Фридрих Дюрренматт - Собрание сочинений в пяти томах. Том 2. Судья и его палач. Подозрение. Авария. Обещание. Переворот
— Да, в одиночку. С помощью пишущей машинки и старого множительного аппарата, — ответил редактор.
— А сколько экземпляров?
— Сорок пять. У меня, видите ли, очень маленькая газета, — совсем тихо сказал Фортшиг. — Больше пятнадцати постоянных подписчиков у меня никогда не было.
Несколько секунд комиссар размышлял.
— Следующий номер «Яблочного сока» должен выйти огромным тиражом. Триста экземпляров. Я вам это издание оплачу и не потребую от вас ничего, кроме того, чтобы вы сами написали в этот номер статью по моему заказу; все остальные материалы — на ваш вкус. В этой статье (и он протянул ему лист исписанной бумаги) должно содержаться то, что здесь написано; но язык и стиль должны быть вашими, Фортшиг, дайте себе труд, чтобы это получилось, как в ваши лучшие времена. Моих данных вам хватит, других не ищите и не пытайтесь выяснить, кто тот врач, против которого направлен мой памфлет. Пусть вас мои утверждения не смущают; примите их на веру, я за них отвечаю. В статье, которую вы напишете и которая будет прочитана в некоторых клиниках, будет содержаться всего лишь одна неточность: дескать, в ваших, Фортшиг, руках находятся все доказательства и что имя врача вам известно. Это опасный момент. Поэтому вы после того, как отправите по почте экземпляры «Яблочного сока», и отправитесь в Париж. Сразу же, ночным поездом!
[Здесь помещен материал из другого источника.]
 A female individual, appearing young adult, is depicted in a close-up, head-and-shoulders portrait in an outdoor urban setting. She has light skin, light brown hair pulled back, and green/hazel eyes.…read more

— Я напишу. И еду в Париж, — заверил его писатель, крепко сжимая в руке лист бумаги, который дал ему старик.
Он совершенно преобразился, этот человек, и от радости пританцовывал на месте.
— О вашей поездке никто не должен знать, — повелительно проговорил Берлах.
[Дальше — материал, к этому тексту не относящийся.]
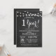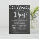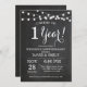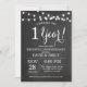 Convite de 1º Aniversário de Casamento. Fundo de Quadro de Giz. Luzes de Corda. Preto e Branco. 1º, 2º, 3º, 4º, 5º, 10º, 15º, 20º, 25º, 30º, 35º, 40º, 45º, 50º, 55º, 60º, 65º, 70º, 75º, 80º, Qualquer Ano. Aniversário de Adulto. Festa de Aniversário de Homem ou Mulher. Para personalização adicional, clique no botão "Personalizar" e use nossa ferramenta de design para modificar este modelo.

— Никто! Ни одна живая душа! — заверил его Фортшиг.
— Сколько будет стоить выпуск такого номера? — спросил старик.
— Четыреста франков, — потребовал человек, и от мысли, что он хоть немного приведет свои дела в порядок, глаза его заблестели.
Комиссар кивнул.
— Эти деньги вы тоже получите у моего доброго друга Бутца. Если вы поспешите, он выдаст вам их еще сегодня, я с ним созвонился. Вы уедете, как только выйдет номер? — переспросил он, преисполненный своим неистребимым недоверием.
— Немедленно! — поклялся маленький человечек, подняв вверх три пальца. — Той же ночью. В Париж!
Однако старик не успокоился и после ухода Фортшига. Писатель показался ему даже более ненадежным человеком, чем прежде. Он подумал, не попросить ли Лутца понаблюдать за Фортшигом.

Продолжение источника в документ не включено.